# Bremont Alt1-P



## Aaron Shapiro (Jul 14, 2013)

Just got one of these in, I've always been a fan of what Bremont has been doing... Really stoked to be able to get to check out one of their Chronographs.








​
Initial impressions are good, it's a sizable piece, 43mm wide and 16mm thick, but it wears nicely. Glad I snagged one of the first gens that still has the roto-click bezel. I'm also thoroughly impressed by their movement decoration... It's a good lookin' movement.

-a


----------



## COZ (Sep 7, 2011)

Congrats, I always liked the original Alt1-P, would have one but the thickness scared me off (would like to see it at 14mm). Just don't like chunky pieces I guess but it is a nice design. Enjoy it!


----------



## GoBuffs11 (Sep 28, 2010)

I dig it. Should be great with a bunch of different straps too.


----------



## surrounded021 (Aug 17, 2017)

Congrats! Wear in good health


----------



## peeledmouse (Jun 29, 2011)

looks great, congrats


----------



## adamcb (Feb 27, 2015)

That's a beautiful watch. Congrats. I especially like the subtle red numbers and hand.


Adam


----------



## lmtfi (Sep 10, 2010)

Noice!


----------



## Statos (Jan 13, 2016)

I have the blue dial and love it and had a full service done on it this year.


----------



## Aaron Shapiro (Jul 14, 2013)

Statos said:


> I have the blue dial and love it and had a full service done on it this year.

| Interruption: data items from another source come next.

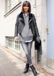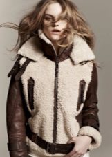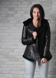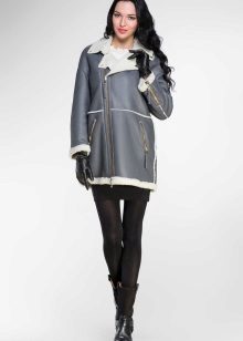 Short models are, first of all, aviators, jackets, straight or fitted models resembling jackets. Sheepskin coat can have a straight or asymmetric cut; models with a smell made in oriental style look interesting. Such sheepskin coats are perfectly combined with jeans, trousers, skirts and dresses of different lengths. As shoes, high boots and ankle boots with heels or a high platform can be used.
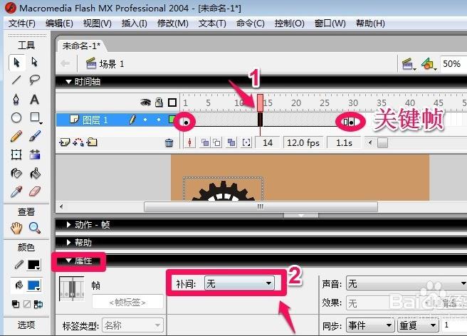 7、鼠标点击两个关键帧的中间,然后打开属性面板,点击这里的补间!
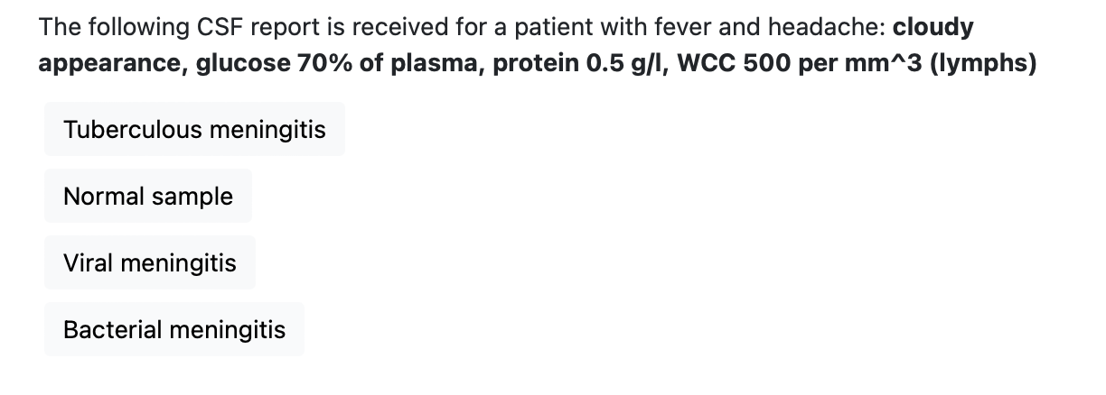 - It allows for collection of cerebrospinal fluid (CSF) which can be analysed for signs suggestive of viral infection such as lymphocytic pleocytosis, normal or slightly elevated protein levels, and normal glucose levels.
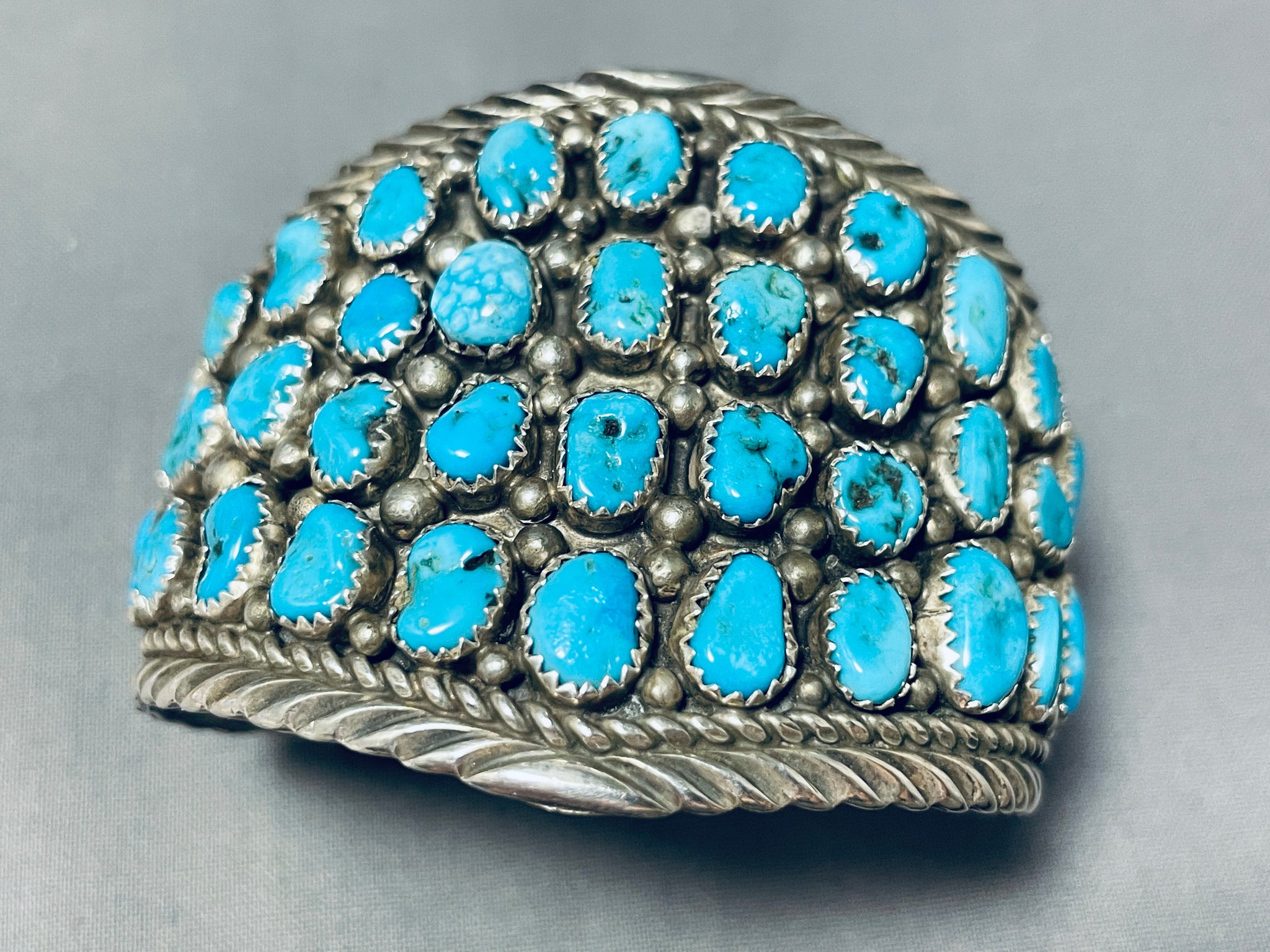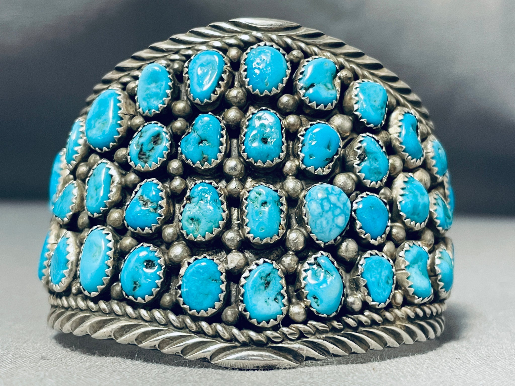 Rare Vintage Native American Navajo Kingman Turquoise Cluster Sterling Silver Huge Bracelet
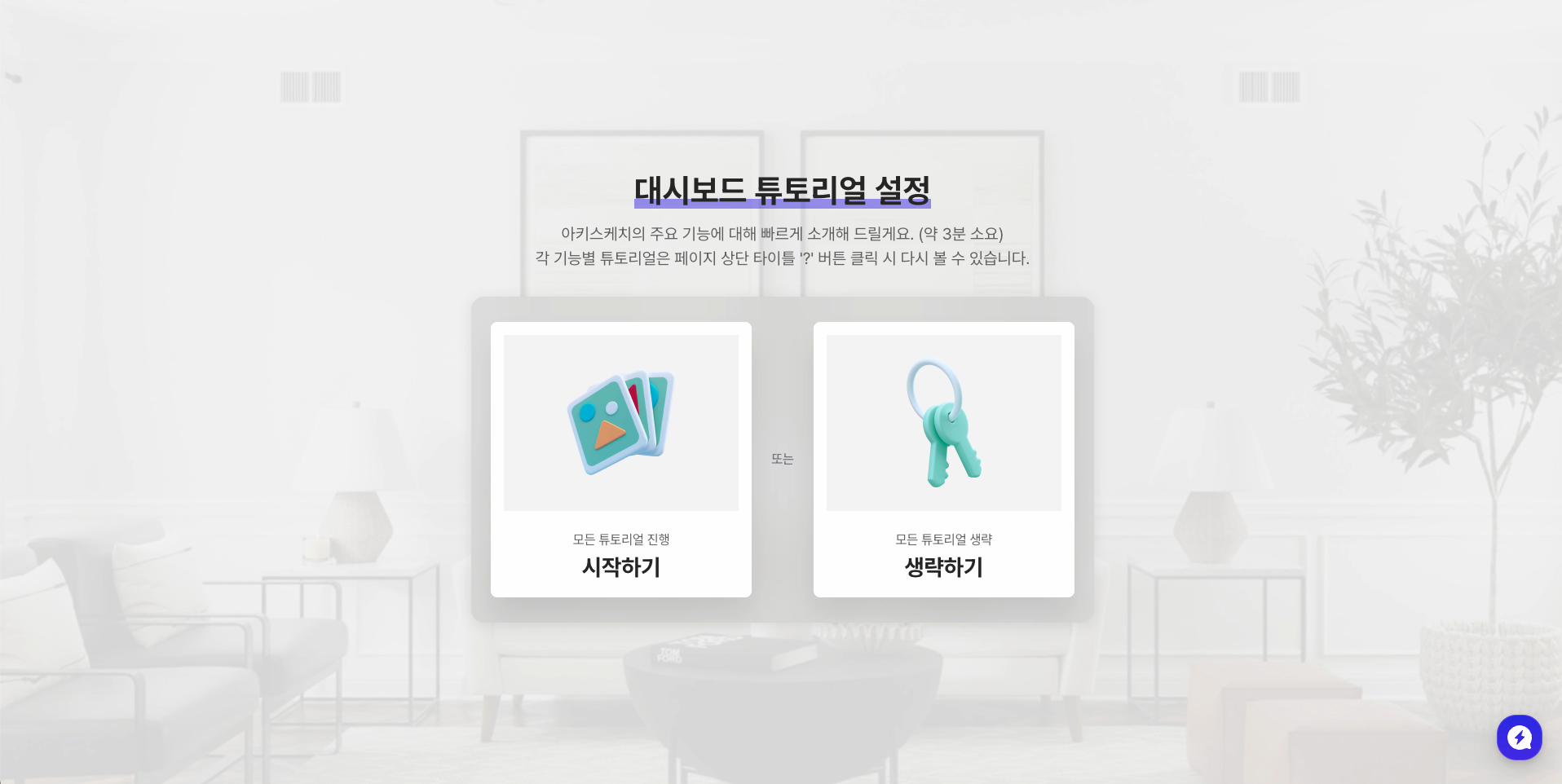 [시작하기] 버튼을 클릭하시면, 4단계의 튜토리얼을 따라가며 아키스케치 내 주요 기능을 간단히 살펴보실 수 있어요. 만약 바로 시작하고 싶으시다면, [생략하기] 버튼을 클릭해 대시보드로 바로 진입하실 수도 있습니다.

Awesome. I love the first version, while a little vestigial on a chrono the rotoclick inner bezel is a nice touch.

-a

Sent from my iPhone using Tapatalk


----------



## ccm123 (Feb 8, 2010)

Looks nice.


----------



## gb-men (Sep 4, 2017)

Congrats.. Looks great


----------



## jupiterfang (Mar 27, 2010)

RED AND BLACK COMBINATION MAKE IT A KILLER


----------